Physical Therapy For Shoulder Pain Glendale AZ
The rotator cuff is a group of 4 muscles in the shoulder, their key function is to help keep the ball of the humerus compressed in the socket. They also assist in the rotational movements of the humerus within the socket. These muscles are critical in maintaining the stability of the shoulder. They are commonly injured due to their unique anatomy and the extremely dynamic movements about the shoulder joint. They are most commonly injured where they turn into tendons and run through bony tunnels as they enter into the shoulder joint. These four muscles are called your S.I.T.S muscles; supraspinatus, infraspinatus, teres minor and subscapularis. The supraspinatus is by far the most commonly injured. These tendons can develop tendonitis or tears. These injuries can be acutely disrupted or develop chronic wear and tear.
Who is at risk
If we separate these two injuries between acute tears and chronic degeneration we can better define who is at risk. In the acute tear category we have our younger adult population who can tear these tendons from overhead throwing activities or acute trauma such as a fall on an outstretched arm. We also see our elderly population suffer acute tears secondary to thinning degenerating tendons. Outside of these two populations we see an array of patients who suffer chronic wear and tear of the tendon from overhead use, poor biomechanical movements patterns about the shoulder, muscle imbalance and repetitive use.
How Pt can help
At Wall 2 Wall Sports & Rehab this is our wheelhouse, we have extensive training in the differential diagnosis of complex shoulder injuries. We have post doctoral education with world renowned shoulder and elbow mentors who have allowed us to use advanced techniques in correctly diagnosing and treating shoulder injuries. During your shoulder evaluation you can expect a comprehensive assessment and a thorough explanation of your pathology and our plan of care.
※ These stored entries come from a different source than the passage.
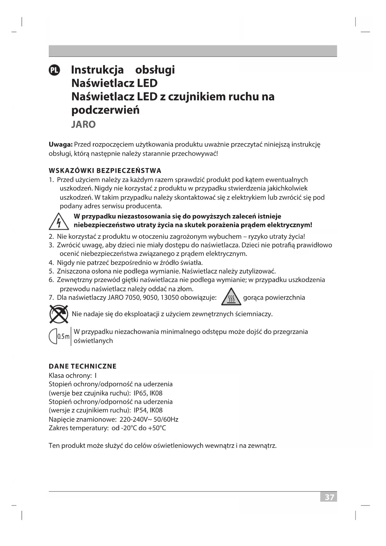 gorąca powierzchnia Nie nadaje się do eksploatacji z użyciem zewnętrznych ściemniaczy. W przypadku niezachowania minimalnego odstępu może dojść do przegrzania oświetlanych DANE TECHNICZNE Klasa ochrony: I Stopień ochrony/odporność na uderzenia (wersje bez czujnika ruchu): IP65, IK08 Stopień ochrony/odporność na uderzenia (wersje z czujnikiem ruchu): IP54, IK08 Napięcie znamionowe: 220-240V~ 50/60Hz Zakres temperatury: od -20°C do +50°C Ten produkt może służyć do celów oświetleniowych wewnątrz i na zewnątrz. 20P114 LED Strahler Jaro PIR 0533228 210327.indd 37 27.03.2021 16:10:503838 Instrukcja obsługi JARO MONTAŻ I PODŁĄCZENIE DO ZASILANIA ELEKTRYCZNEGO 10 – 50 W patrz ilustracje na stronach 4, 7 oraz 8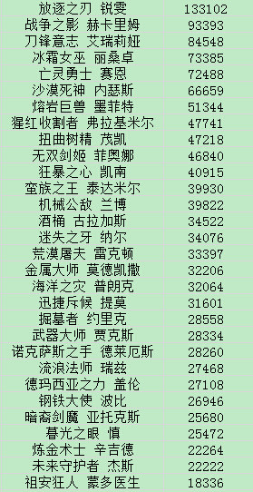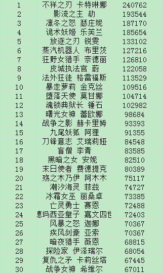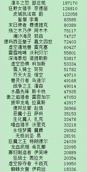 英雄榜排行
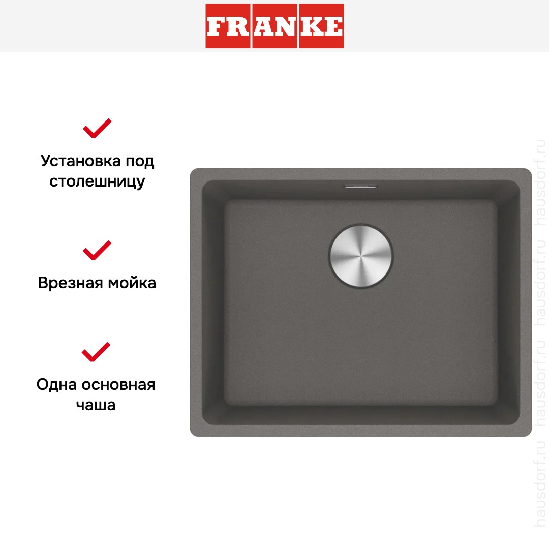 Мойка Franke MRG 110-52 каменно-серого цвета — это сбалансированное сочетание функциональности, надёжности и сдержанной эстетики для современной кухни. Эта прямоугольная врезная модель устанавливается под столешницу, создавая плавный и цельный переход от рабочей поверхности к краю чаши, что не только улучшает визуальное восприятие, но и упрощает уход за зоной стыка. Её габариты — 55,3 × 43,3 см — идеально соответствуют стандартному нижнему модулю шириной 60 см, а для установки требуется проём размером 52 × 40 см.
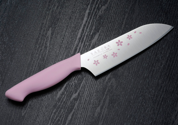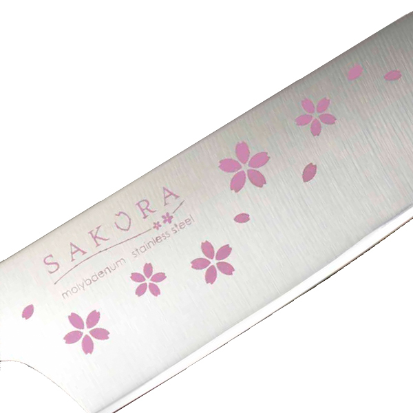 ●新生活にも花を添える、可愛らしい桜柄の三徳包丁です。
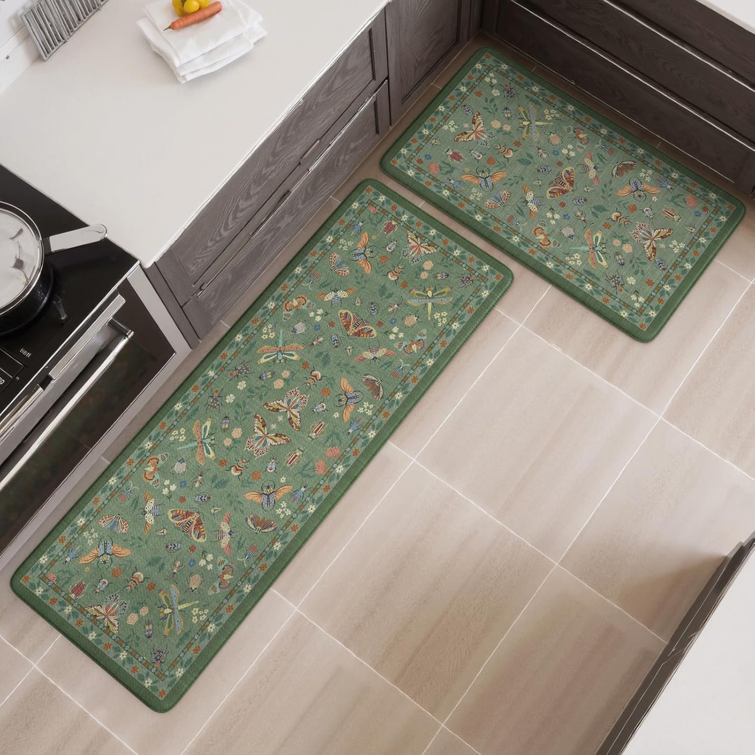 Customers like the design of the kitchen mat, with one mentioning they love the print. However, the color receives negative feedback, with one customer noting that the green background appears darker than expected.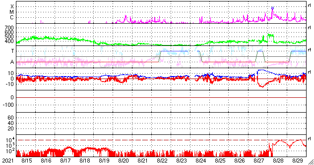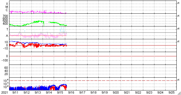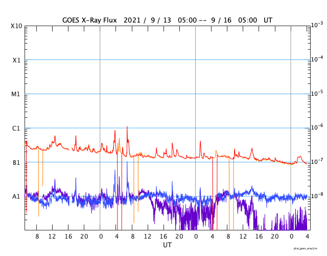 GOES衛星の太陽X線強度。赤・橙 = 0.1〜0.8 nm、青・紫 = 0.05〜0.4 nm (c) データ:NOAA/SWPC、作図:宇宙天気ニュース ![]() | ||||||||||||||||||||||||||||||||||||||||||||||||||||||||||||||||||||||||||||||||||||||||||||||||||||||||||||||||||||||||||||||||||||||||||||||||||||||||||||||||||||||||||||||||||||||||||||||||||||||||||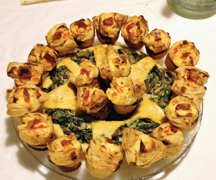 5.    Se aşază umplutura de ciuperci pe marginea tartei, lăsând mijlocul liber. Cu un cuţit, se taie aluatul în opt triunghiuri .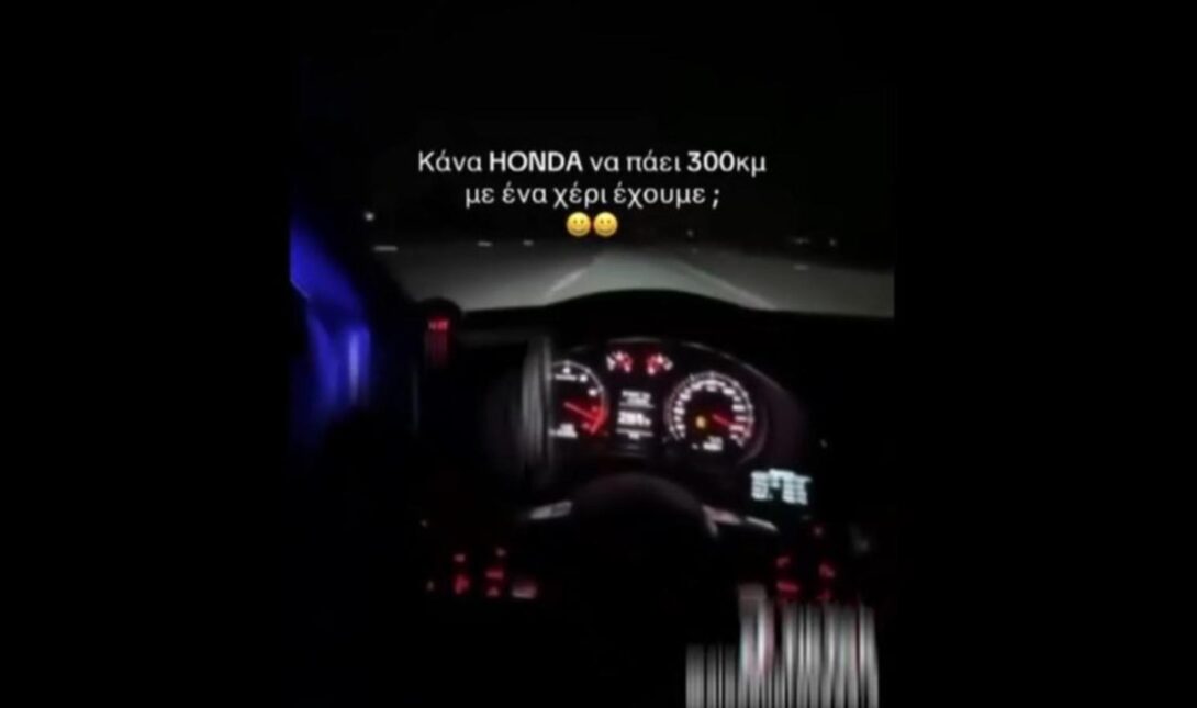 Η εικόνα γίνεται ακόμη πιο ανησυχητική, καθώς ο οδηγός κρατά το τιμόνι με το ένα χέρι, ενώ με το άλλο τραβά βίντεο με το κινητό του. Στη λεζάντα του βίντεο, σε ύφος επίδειξης, γράφει: «Έχουμε καμιά Honda που να πιάνει 300 με ένα χέρι;», συνοδεύοντας τη φράση με emojis.

The shoulder joint is made up of two bones, the head of the humerus (ball) and the glenoid (socket), the glenoid is lined with a ligamentous type structure (labrum) that deepens the shallow socket and allows the ball to fit more concurrently in the socket. The labrum also creates negative pressure to help our shoulders stay stable. The shoulder joint is anatomically made for mobility while our hip joint is anatomically made for weight bearing. If the muscular control of the humeral head within the glenoid is not perfect, then we are at risk of fraying or tearing the labrum and or damaging our rotator cuff tendons.
Who is at risk
We see a wide array of individuals with labral pain and injuries, we see a high number of overhead athletes as well as contact sport athletes with these types of injuries.
How Pt can help
Physical therapy is the gold standard for labral tears in the shoulder. Unfortunately when operated on the results are varied and a lot of overhead athletes have a difficult time getting back to throwing or participating at their previous level. During your PT sessions you will focus on thoracic spine mobility, shoulder neuromuscular control and rotator cuff stability, joint mechanics and mobilization to balance the muscle tone and tightness, progressions back to throwing and sport.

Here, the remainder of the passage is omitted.